Some scholars dispute the Philippine origin based on perceived design differences. The baróng traditionally does not have pockets, instead having an intricate U-shaped embroidery pattern around the chest (hence the name pechera), which is mostly absent in Cuban guayaberas. Guayaberas are also invariably made from opaque linen or cotton, unlike the baróng tagalog which has two grades: cheaper variants for everyday wear are made from more common, opaque fabrics (like linen), while expensive embroidered sheer piña or abacá fabrics are worn by the upper classes.

However, guayaberas in Mexico also have chest designs like pleats and embroidery similar to the baróng and in contrast to Cuban guayaberas; they can range from having no pockets to having one, two, or four. This is the reason why Mexicans also claim it originated from either the state of Veracruz or the Yucatán Peninsula. In Mexico, the same basic style is also known as the "camisa de Yucatán" ("Yucatán shirt") or "wedding shirt".

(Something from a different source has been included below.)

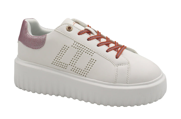 Sneakers donna platform Love to Love Gai Mattiolo in ecopelle total white con dettagli pink lurex. Logo laterale laserato, linguetta e talloniera logate. Chiusura con lacci piatti in cotone in contrasto, fondo zigrinato ultra light altezza 5 cm.

Regardless, a clearer line of evidence is that guayaberas are actually also referred to as "filipinas" in Yucatán, with the former regarded as a variant of the latter. The only difference between the two is the type of collar used. Filipinas have a collar similar to the Nehru or mandarin-style (a style known as the baro cerrada in 19th-century Philippines), while guayaberas have a more typical spread collar. Both filipinas and the derivative guayaberas were the traditional everyday men's shirts in Yucatán since the mid-19th century, before these were replaced by western shirts in the early 20th century. The white filipina shirt is still regarded as traditional formal dress for men in Yucatán, along with the terno for women (cf. traje de Mestiza of the Philippines). In particular, white filipinas are the traditional shirts worn for the jarana Yucateca dance, paired with white trousers. This suggests an origin from the Philippines that entered Mexico early during the colonial period through Yucatán then to Cuba, where it was later adapted to local fashion and materials.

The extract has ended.